Other things to note:
He never has any accidents in the house when we are home. And he always goes on the pad when we are not at home, never anywhere he is not supposed to.

So basically he has everything down to what we use to want him to do. Except now I want him to be able to hold it during the day . How can I go about doing this and what do you recommend? Here are some of my options:

1. Go cold turkey and remove the pee pads. We'll definitely have accidents, but since he KNOWS that he only is supposed to go on the pad, eventually he will learn that he has to wait until I get home (hopefully). Also, I was planning on reducing his water intake so he has to go less. And he'll probably try to pee on the floor where teh pad should be (it's tile) so it's not like he is ruining a carpet or anything.

2. Dog walker. We actually have him going on his first dog walk this week. Eventually it'll be two days a week. Hopefully this will hep but for those other three days I still want him to be trained to hold it.
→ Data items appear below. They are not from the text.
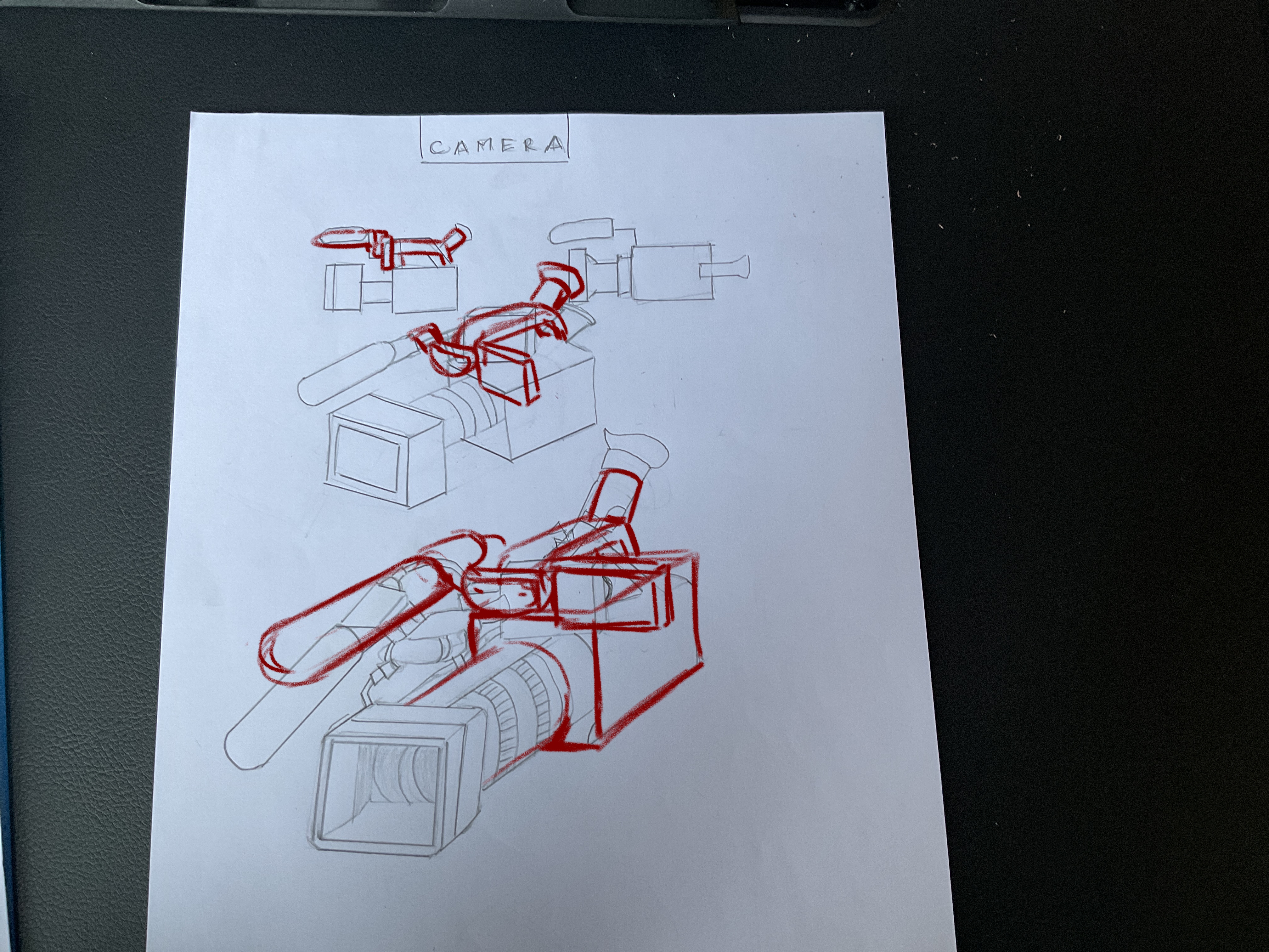 Bonjour Lemony, très bien cette caméra, mais tu t'es peut-être un peu trop laissé dépasser par les détails. :) N'hésite pas à simplifier pour y voir plus clair! Comme pour la voiture évite de penser toute tes formes en cubes et en angle, cela t'induit en erreur. Pour exemple ici, le micro et de forme arrondie et légèrement cylindrique, de même que l'attaque du micro et de l'écran est incurvé. À part ça, c'est super! :)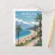 Capture the sunny charm of the Turkish Riviera with this vintage-style travel poster postcard. This stunning illustration showcases Antalya, Turkiye, featuring a beautiful sandy beach, turquoise Mediterranean Sea, lush palm trees, and the dramatic backdrop of coastal mountains. The design has a classic retro tourism feel, perfect for sending to a friend, adding to a travel-themed collection, or framing as a piece of exotic, wanderlust-inspired wall art. Ideal for lovers of beaches, summer vacations, the Mediterranean, and retro poster art.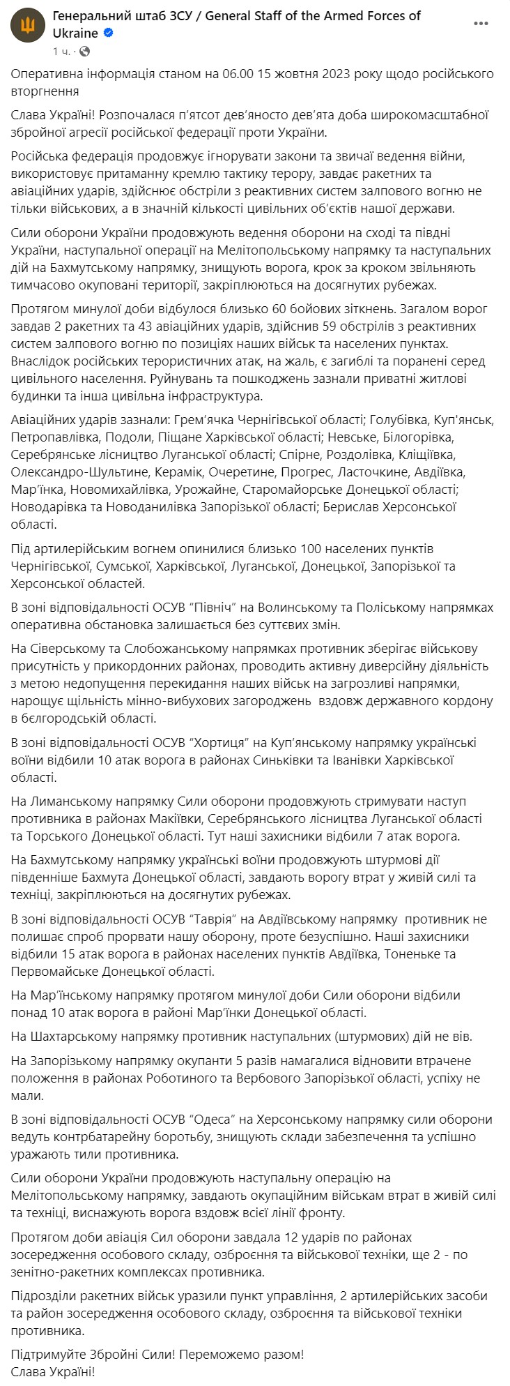 Війна в Україні триває вже 599-й день. Ми стежимо за останніми новинами та ключовими подіями 15 жовтня 2023 року в онлайні, що оновлюється.

3. Crate him for 10 hours? I don't want to do that.

Basically #1 seems to be the best bet even though it will be messy for the first few weeks. Can anyone help?


----------



## pyralis (Mar 18, 2010)

Normally my response would be to start with crating while gone and expanding the amount of room he gets as he gets older (though yours is already 1 of course). But 10 hours is a long time to be in a crate like you mentioned.

I would then ask if you have an area of the house where he's comfortable (kitchen, den, etc) that you can confine him to when you leave. I'd leave him a comfy bed, toys, water, etc, but no pee pad. My theory would be similar to the crating theory. If he's limited to a smaller space (1 room versus the whole house), he may be hesitant to go to the bathroom in that room. You could also accomplish this with baby gates, if you don't want to completely shut him in somewhere.

I think if you leave him access to the whole house when doing the cold turkey method, you may be asking for trouble. If he can't find a pee pad, he may try to at least find the most removed spot possible and pee in a corner, in a room he doesn't frequent, etc, and think this is okay. I know when my parents took in a stray a year ago, he naturally wanted to go outside, but when stuck inside instead of holding it he' find a really sneaky place to go. According to the reports I got, he'd sometimes sneak into a rarely frequented guest bedroom and leave surprises behind the bed that wouldn't be found for a number of days! Older stray dogs are a different issue, but he's gotten to the point where if they confine him to the first floor and close the bedroom doors, he'll wait till they get home.

Best of luck!


----------



## MafiaPrincess (Jul 1, 2009)

It's going to be a long hard road. You have told your dog that for its entire lifetime going to the bathroom indoors is okay and suddenly now it is not. No matter what you do it may be frusturating for you and your dog.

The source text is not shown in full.